2015-02-13 10:17 Global Times/Agencies Web Editor: Qin Dexing

Baidu Inc's shift to smartphones has come at a cost: The Chinese Internet firm forecast lower-than-expected revenue growth for the first quarter as its share from less profitable mobile browsing grows at the expense of PC searches.

The US-listed company posted a lower-than-expected 47.5 percent rise in 2014 fourth quarter revenues.

Its revenue forecast of 12.65-13.07 billion yuan ($2-$2.1 billion) for the current quarter came below analysts' average expectations of 13.62 billion yuan.

Baidu operates China's most widely used search engine.

It said that revenue from mobile searches had, for the first time, surpassed that from PCs in December 2014, but the amount advertisers paid per click on mobile devices remained steady at 60 percent of PC rates quarter-on-quarter.

"I wouldn't draw the conclusion that mobile monetization becomes a problem.
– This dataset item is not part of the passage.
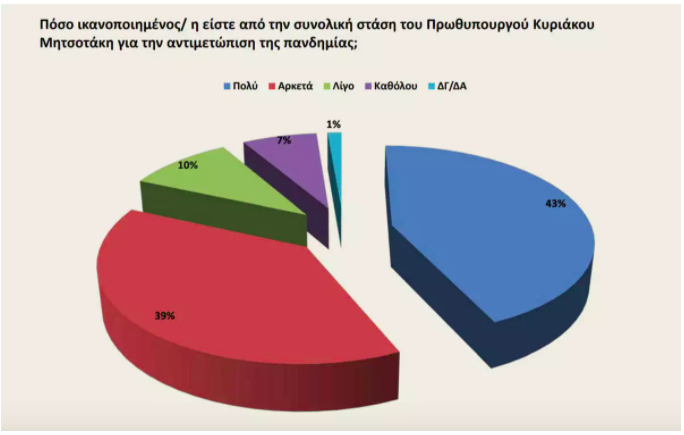 Η δημοσκόπηση της Opinion Poll που διεξήχθη από 7 έως 9 Μαΐου, ανάμεσα σε δείγμα 1.080 ατόμων, δίνει το 43% των θετικών απανρήσεων στην ερώτηση «Πόσο ικανοποιημένος/ η είστε από την συνολική στάση του Πρωθυπουργού Κυριάκου Μητσοτάκη για την αντιμετώπιση της πανδημίας». Το 39%, επίσης, απαντά «αρκετά», με το σύνολο των δυο απαντήσεων να είναι 82%. Το 10% απαντά «λίγο» και το 7% «καθόλου».

It's not a problem," said Baidu CFO Jennifer Li Xinzhe, brushing off concerns about revenue growth at a post-results call with analysts.

"We're still on a trajectory of healthy and steady growth and there is a lot of room for us to continue to improve," Li noted.
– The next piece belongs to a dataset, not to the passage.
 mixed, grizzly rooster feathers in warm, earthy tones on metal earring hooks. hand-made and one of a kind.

Baidu said its first-quarter forecast was weighed down because of a few seasonal factors such as the Chinese New Year holidays falling in late February and doing more business on mobile.

Mobile browsing makes less money for search engines because adverts on smartphones are not as effective as PCs at taking a user to a site where they can make a purchase, said Ben Thompson, an analyst at tech analysis site stratechery.com.

"Google's results disappointed for the same reason," he noted.

Baidu's expansion of its mobile services in the world's largest smartphone market is likely to keep squeezing margins, and pit it against bigger rivals Alibaba Group Holding Ltd and Tencent Holdings Ltd.

Operating margins were 26 percent in 2014 compared to 35 percent in 2013, Reuters calculations showed.

Executives flagged a potential jump in 2015 selling, general and administrative expenses of roughly $830 million, mainly from promotional efforts for location-based services known as "online-to-offline" or "O2O."